You can compile this program with:
```
$ gcc -Wall -Wextra -Og -no-pie program.c -o program
```
This produces the binary file `program`. You can run it with:
```
$ ./program
```
A screenshot:
![](https://i.imgur.com/V4Z2xOF.png)
### Disassembling
Let's say that you don't have the source code of this program, because a friend sent you just the binary file `program`, asking you to figure out the correct input value.
Difficult? Not really. The binary file contains all of the CPU instructions of the program: among them, there must be some that check the validity of the input value.
You can look at the instructions in the binary program by disassembling:
```
$ objdump -d program
```
The output is very long:
```
...
0000000000401142 <is_valid>:
401142: 83 ff 2a cmpl $0x2a,%edi
401145: 0f 94 c0 sete %al
401148: c3 retq
0000000000401149 <main>:
401149: 48 83 ec 18 subq $0x18,%rsp
40114d: 48 8d 3d b0 0e 00 00 leaq 0xeb0(%rip),%rdi # 402004 <_IO_stdin_used+0x4>
401154: b8 00 00 00 00 movl $0x0,%eax
401159: e8 e2 fe ff ff callq 401040 <printf@plt>
40115e: 48 8d 74 24 0c leaq 0xc(%rsp),%rsi
401163: 48 8d 3d b1 0e 00 00 leaq 0xeb1(%rip),%rdi # 40201b <_IO_stdin_used+0x1b>
40116a: b8 00 00 00 00 movl $0x0,%eax
40116f: e8 dc fe ff ff callq 401050 <__isoc99_scanf@plt>
401174: 8b 7c 24 0c movl 0xc(%rsp),%edi
401178: e8 c5 ff ff ff callq 401142 <is_valid>
40117d: 84 c0 testb %al,%al
40117f: 74 16 je 401197 <main+0x4e>
401181: 48 8d 3d 96 0e 00 00 leaq 0xe96(%rip),%rdi # 40201e <_IO_stdin_used+0x1e>
401188: e8 a3 fe ff ff callq 401030 <puts@plt>
40118d: b8 00 00 00 00 movl $0x0,%eax
401192: 48 83 c4 18 addq $0x18,%rsp
401196: c3 retq
401197: 48 8d 3d 8f 0e 00 00 leaq 0xe8f(%rip),%rdi # 40202d <_IO_stdin_used+0x2d>
40119e: e8 8d fe ff ff callq 401030 <puts@plt>
4011a3: b8 01 00 00 00 movl $0x1,%eax
4011a8: eb e8 jmp 401192 <main+0x49>
4011aa: 66 0f 1f 44 00 00 nopw 0x0(%rax,%rax,1)
...
```
**What the output means.** A lot of this probably doesn't make any sense to you. Don't worry! It will, by the end of the class. Note that each row starts with a memory address, like `401142`:
```
0000000000401142 <is_valid>:
401142: 83 ff 2a cmpl $0x2a,%edi
401145: 0f 94 c0 sete %al
401148: c3 retq
```
This means that, when running this program, `0x401142` will be the memory address of the first instruction of the function `is_valid`, which is `cmpl $0x2a,%edi`. This instruction occupies 3 bytes in the binary program; its encoding is `83 ff 2a` (on the same line, right after the memory address); note that the instruction compares `%edi` with `0x2a`; `2a` is the last byte of the instruction encoding.
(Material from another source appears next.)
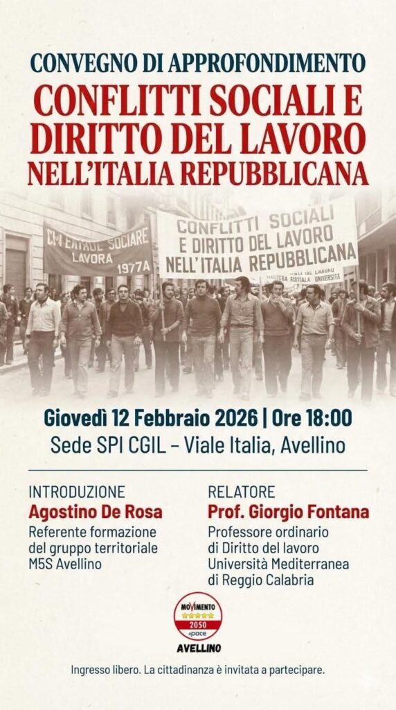 In data 12 febbraio 2026 alle ore 18,00, ad Avellino, presso la sede dello SPI CGIL in viale Italia 40, il Gruppo territoriale di Avellino del Movimento 5 Stelle ha organizzato un incontro pubblico sul tema “CONFLITTI SOCIALI E DIRITTO DEL LAVORO NELL’ITALIA REPUBBLICANA”, con introduzione di Agostino De Rosa, responsabile della Formazione del G.T. del M5S, e relazione di Giorgio Fontana, professore ordinario di Diritto del Lavoro presso l’Università Mediterranea di Reggio Calabria.L’evoluzione del diritto del lavoro traduce in linguaggio e principi giuridici, in maniera abbastanza fedele, i conflitti ed i rapporti di forza tra le classi nella realtà produttiva del nostro paese.

If you look inside the `main` function, you can see that at some point there is a function call to `is_valid`:
```
401174: 8b 7c 24 0c movl 0xc(%rsp),%edi
401178: e8 c5 ff ff ff callq 401142 <is_valid>
40117d: 84 c0 testb %al,%al
40117f: 74 16 je 401197 <main+0x4e>
```
The instruction `callq 401142` makes the CPU (1) save a return address on the stack, and (2) jump to the memory address `0x401142`, which is the beginning of `is_valid`.
You may wonder where the encoding `e8 c5 ff ff ff` of `callq 401142` comes from, since it doesn't seem to include the address `0x401142`. Well, the first byte `0xe8` is the OPCODE of a *relative* jump; the rest (`c5 ff ff ff`) encodes the amount of this relative jump. We need to reverse the bytes of this 4-byte word because x86 processors are little-endian. That gives `0xffffffc5`, a negative number (because it starts with `1`; it's `-59` in decimal). If we add this negative number to the next instruction address (the address `0x40117d`, where the `test %al,%al` instruction is stored), we get `0x401142`, the address of `is_valid`:
```
0x 40117d + 4198781 +
0xffffffc5 = or, in decimal: -59 =
------------ ---------
0x00401142 4198722 -> 0x401142 in hex
```
**Finding 42.** Given all this mess, can you find `42` within the function `is_valid`?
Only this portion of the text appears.